QWill there be links to individual ISBN/ISNI records?
ISBN – ISBNs are attributes of manifestation [in FRBR terms] entities, and as such can be found in the already released WorldCat Linked Data. As each work is linked to its related manifestation entities [by schema:workExample] they are therefore already linked to ISBNs.
ISNI – ISNI is an identifier for a person and as such an ISNI URI is a candidate for use in linking Works to other entity types. VIAF URIs being another for Person/Organisation entities which, as we have the data, we will be using. No final decisions have been made as to which URIs we use and as to using multiple URIs for the same relationship. Do we Use ISNI, VIAF, & Dbpedia URIs for the same person, or just use one and rely on interconnection between the authoritative hubs, is a question still to be concluded.
Q Can you say more about how the stable identifiers will be managed as the grouping of records that create a work change? You correctly identify the issue of maintaining identifiers as work groups split & merge. This is one of the tasks the development team are currently working on as they move towards full release of this data over the coming weeks. As I indicated in my blog post, there is a significant data refresh due and from that point onwards any changes will be handled correctly.

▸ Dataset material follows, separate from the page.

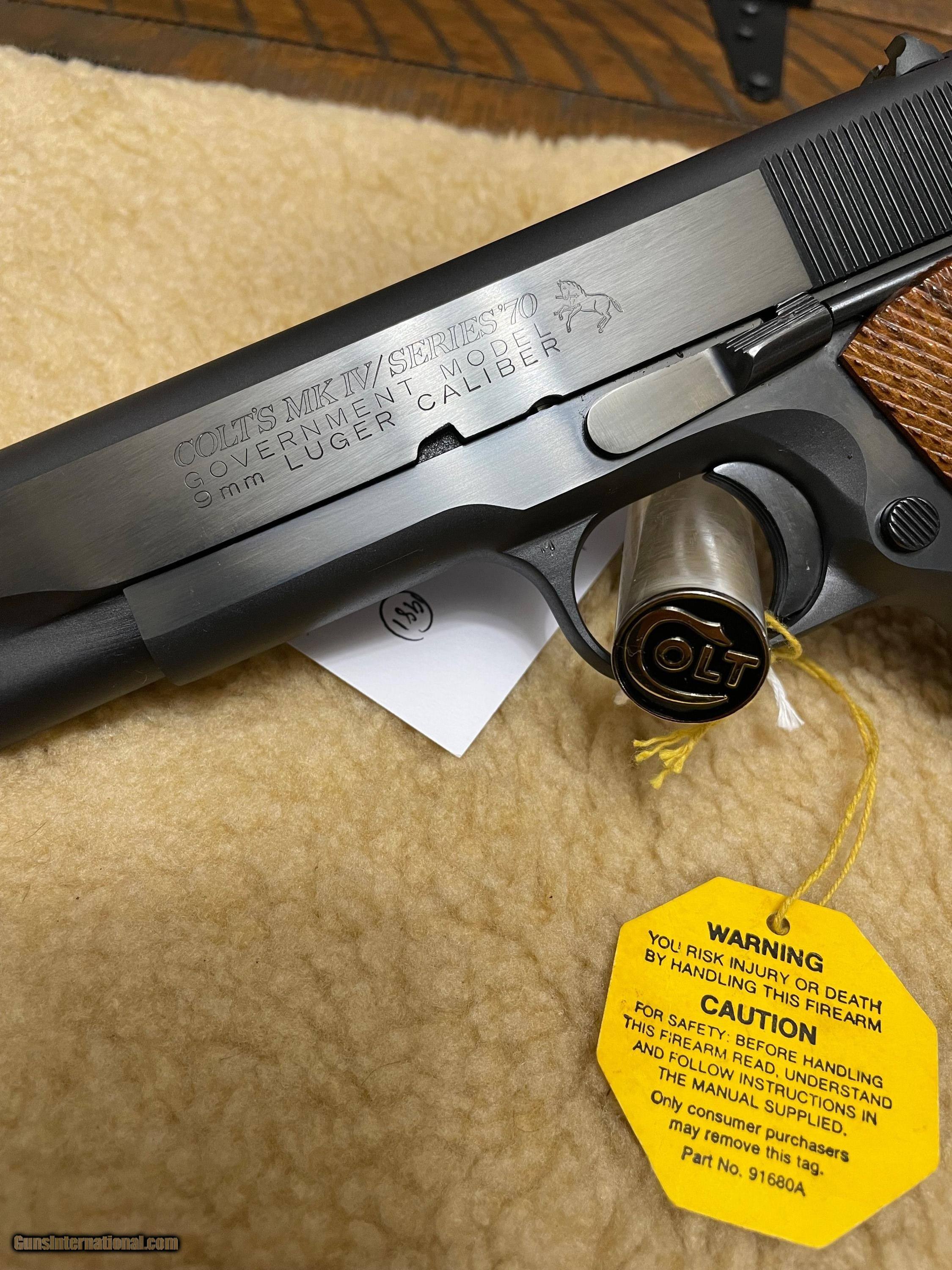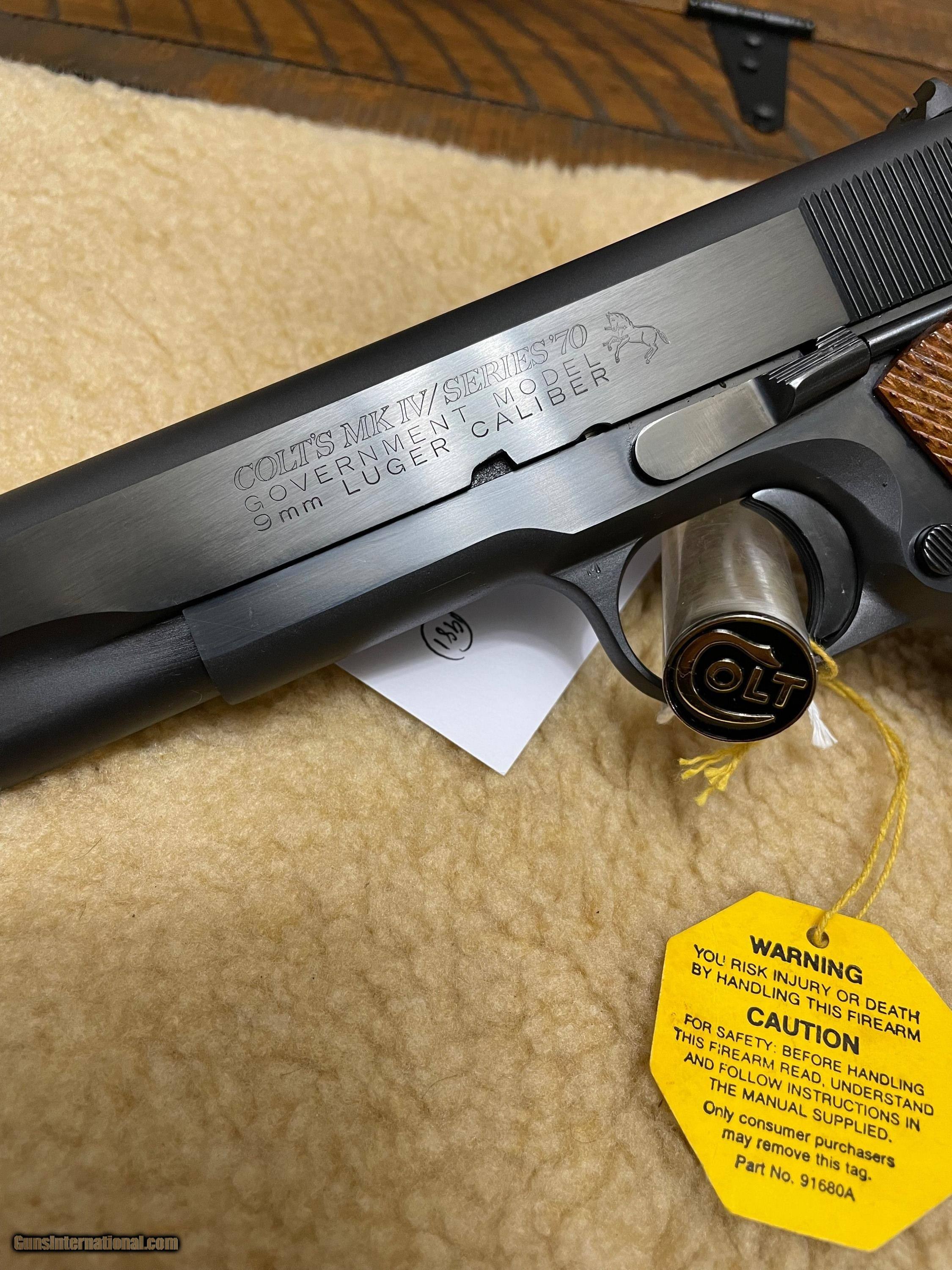 Description: RELISTING DUE TO NON PAYING BUYER JOHN DECARO ....Colt 70 Series MKIV in 9mm Caliber, this pistol is in mint condition all original with matching box /label and Colt paperwork. This gun would make a perfect candidate to any collection don't miss out. SOLD |

Q Is there a bulk download available? No there is no bulk download available. This is a deliberate decision for several reasons.
Firstly this is Linked Data – its main benefits accrue from its canonical persistent identifiers and the relationships it maintains between other identified entities within a stable, yet changing, web of data. WorldCat.org is a live data set actively maintained and updated by the thousands of member libraries, data partners, and OCLC staff and processes. I would discourage reliance on local storage of this data, as it will rapidly evolve and become out of synchronisation with the source. The whole point and value of persistent identifiers, which you would reference locally, is that they will always dereference to the current version of the data.
Q Where should bugs be reported? Today, you can either use the comment link from the Linked Data Explorer or report them to firstname.lastname@example.org. We will be building on this as we move towards full release.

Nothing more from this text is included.